Nursling is a village in Hampshire, England, situated in the parish of Nursling and Rownhams, about 6 kilometres north-west of the city of Southampton. Formerly called Nhutscelle (in an 8th-century life of Saint Boniface), then Nutshalling or Nutshullyng until the mid-19th century, it has now been absorbed into the suburbs of Southampton, although it is not officially part of the city (remaining part of the Test Valley borough).

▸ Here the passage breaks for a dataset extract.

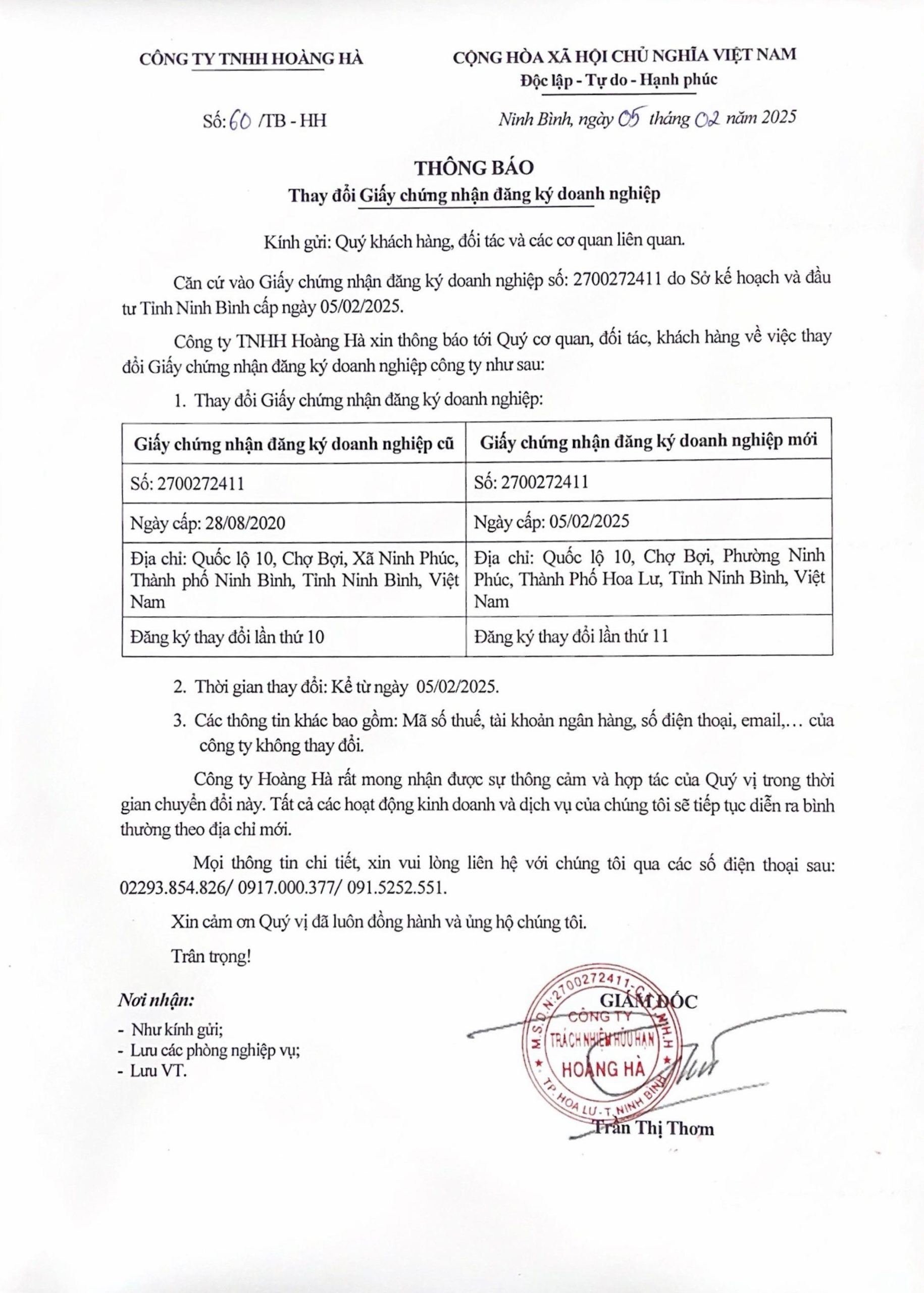 THÔNG BÁO Thay đổi Giấy chứng nhận đăng ký doanh nghiệp Công ty TNHH Hoàng Hà

At Onna (Nursling) [1], the Romans erected a bridge (probably a wooden one as no trace of stone abutments remains) across the River Test, below which it widens into its estuary, and there are traces of the Roman road from Nursling to Stoney Cross. At Nhutscelle a Benedictine monastery was established in 686, the earliest Benedictine establishment in Wessex according to Bede. It became a major seat of learning, and at the end of the 7th century, Winfrith (subsequently Saint Boniface) studied here under the abbot Winberht, producing the first Latin grammar to be written in England. He left in 710 for Canterbury, returning briefly around 716 before going to Germany as a missionary. The Danes destroyed the monastery in 878 and it was never rebuilt; its exact site has not been reestablished, though the parish church is dedicated to St. Boniface.

Thirty households lived in Hnutscilling, according to the Domesday Survey, belonging to the Bishop of Winchester.